Some have suggested that the “catechism” of Exodus 12:25–28 shows that children had to be able to answer questions before sharing in the meal. That is a questionable interpretation of the passage, but more importantly, Exodus 12 includes explicit instructions about admission to Passover. The chapter ends with the “ordinance” of the Passover, namely, that “no son of a stranger is to eat of it” and that “no uncircumcised person may eat of it” (Exodus 12:43–48). Circumcision is specified as the gateway to Passover. Conversely, those who were excluded from Passover were ipso facto being treated as “strangers.” Were the children of Israel “strangers” to the covenant people?

Paul’s discussion of the Supper in 1 Corinthians 11:17–34 does not undermine this continuity. Warnings about the dangers of hypocritical participation in the feasts of Israel are common in the prophets (Is. 1:10–17; Jer. 6:20; Amos 5:21–24), and yet we know that children participated in these feasts. Could an Israelite celebrate the Feast of Booths in a state of uncleanness? No. Yet children were invited to participate in that meal. If paedocommunion is correct, children of the church are participating in a dangerous meal; but then, the children of the children of Israel have always participated in dangerous meals.

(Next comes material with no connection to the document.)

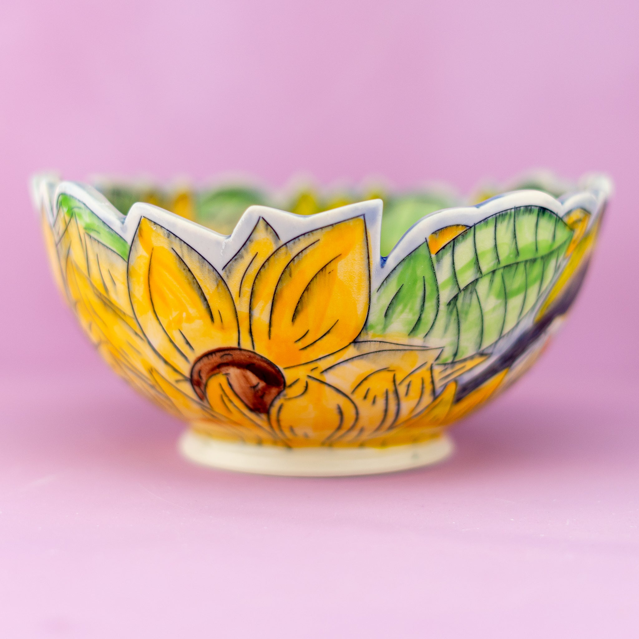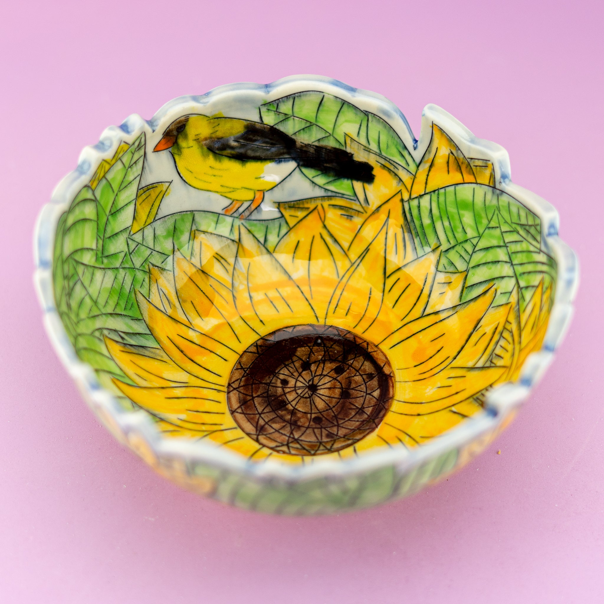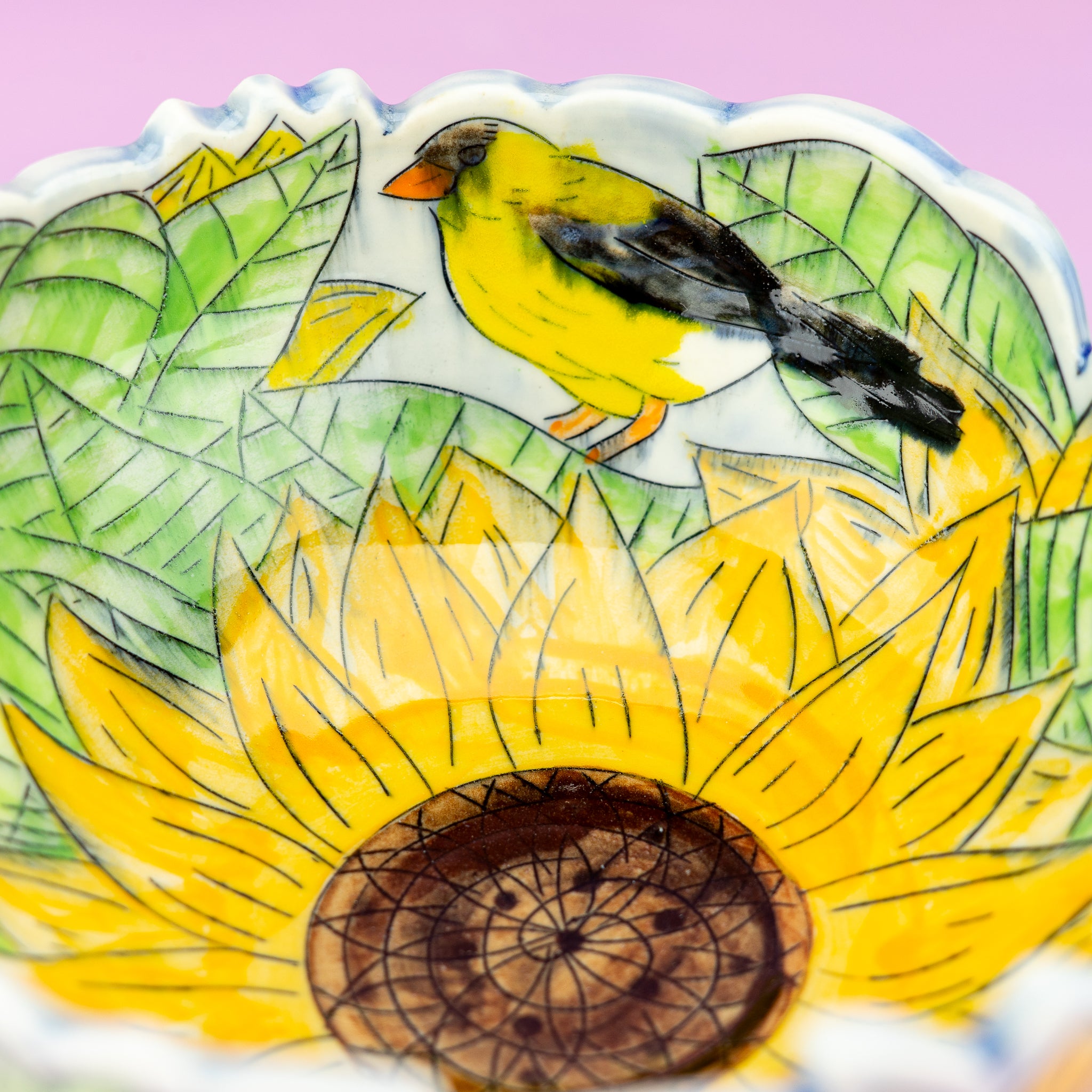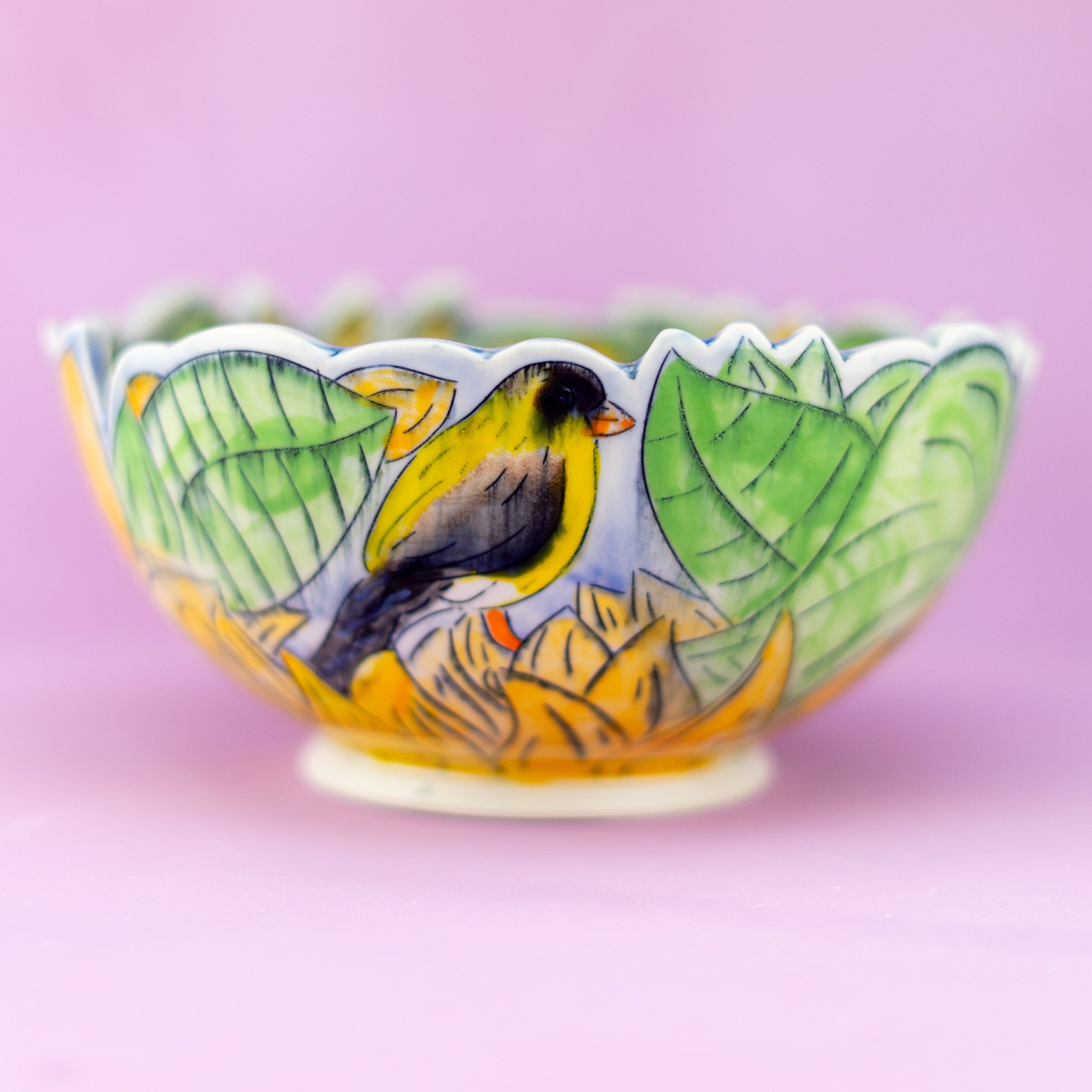 # 18 Goldfinch & Sunflower : Small Serving Bowl

Antipaedocommunionists sometimes point to the requirement of ritual cleanliness for participation in Passover (Num. 9), and apply this to the Supper by saying that the participants have to be in a state of spiritual cleanliness. But these rules do not undermine paedocommunion. Under the law, small children would rarely become unclean (cf. Leviticus 12-15). Young girls are never unclean because of menstruation or childbirth, nor have most five-year-old boys ever had a seminal emission or suffered from an STD. They might attend funerals, but they could rapidly be cleansed. Children might love bacon and ham, but if they grew up in ancient Israel they would never have been served these or other unclean meats. To suggest that children were excluded from Passover because of possibility of uncleanness is nonsense.

As far as the New Covenant application of these regulations is concerned, this raises the question of how we should regard our baptized children. And in this connection, we might note that the same Paul who warned against unworthy participation in the Supper said in the same letter that the children of believers are “saints” (1 Corinthians 7:14). Dare we call unclean what God has cleansed?

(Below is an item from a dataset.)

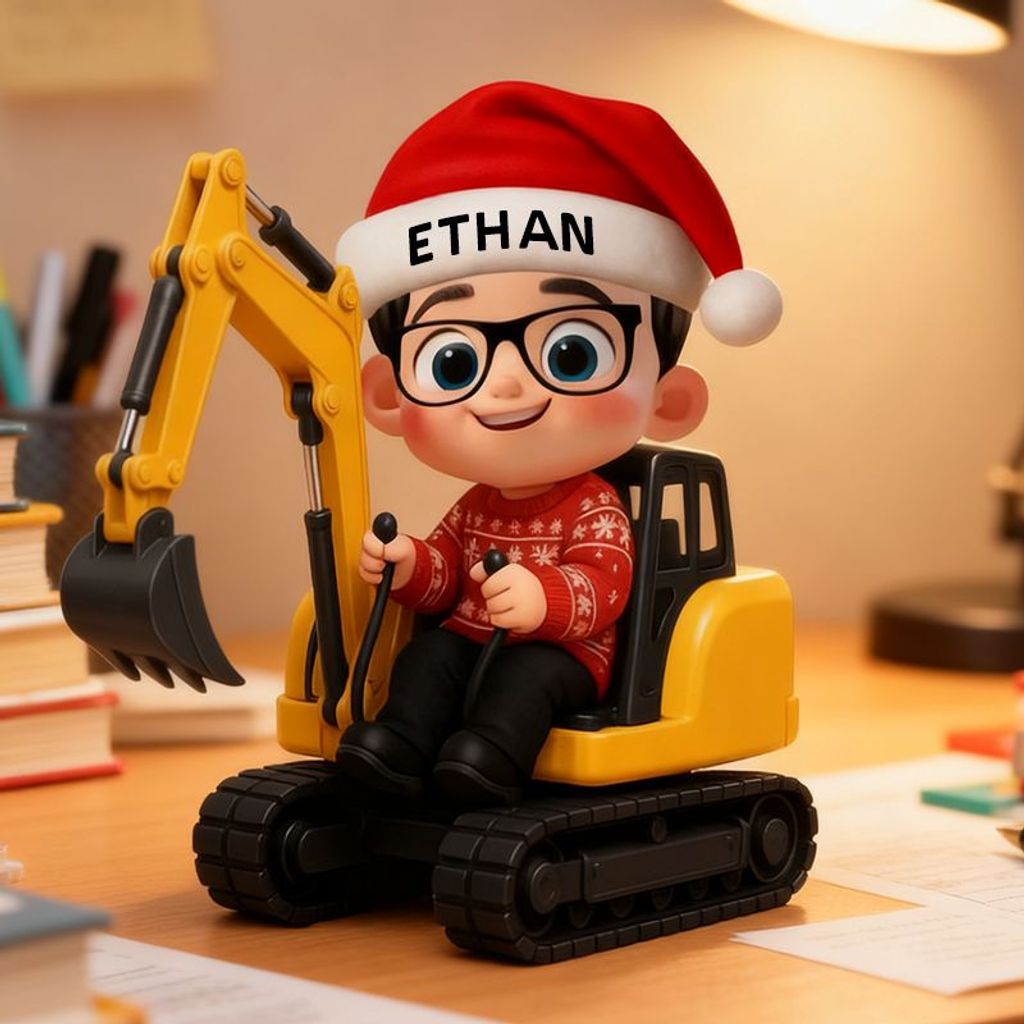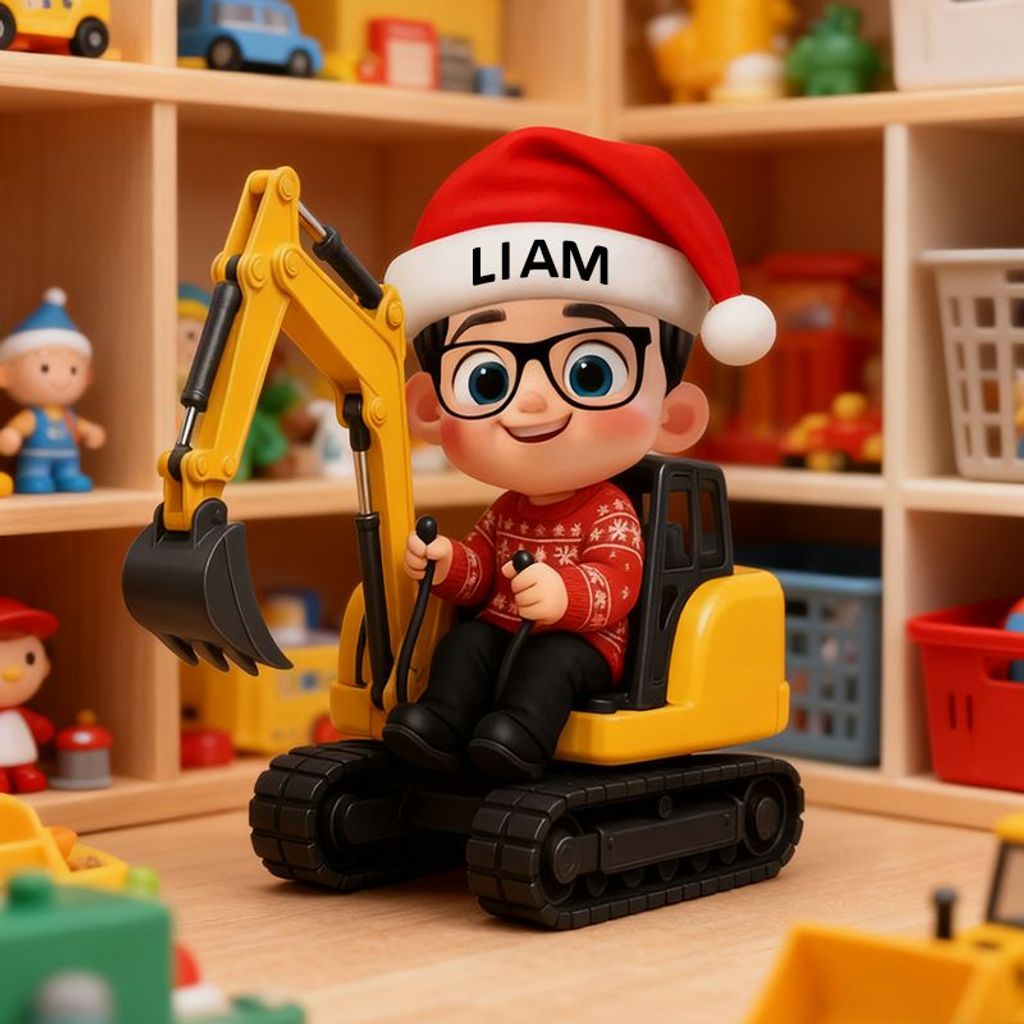 This unique piece showcases a cheerful little boy in action, masterfully driving his favorite fleet: a powerful excavator, a sturdy tractor, and a cool car. It's not just a toy; it's a custom-crafted keepsake that captures his spirit and imagination in exquisite detail.

There is a difference between requirements for admission to some privilege and requirements for proper use of that privilege. The U.S. Constitution does not require that candidates for Senate be intelligent, honest, self-sacrificing, or righteous. Of course, if he is going to be a good Senator, a candidate must be all those things and more. But he is qualified for candidacy by reaching at least his thirty-fifth year, being a citizen of the United States, and residing in the state in which he is a candidate. Similarly, when Paul exhorts the Corinthians about proper participation in the Supper, he is not giving admission requirements.

Israelite children shared in every meal in which their parents participated. Because the church is the new Israel, the entry requirements to the church’s Passover are the same as they were for Israel. Discontinuity with regard to admission to the table, like discontinuity between the subjects of circumcision and baptism, undermines the identification of the church and Israel. What are we saying about the church when we exclude children from the table? We are saying that we are not Israel.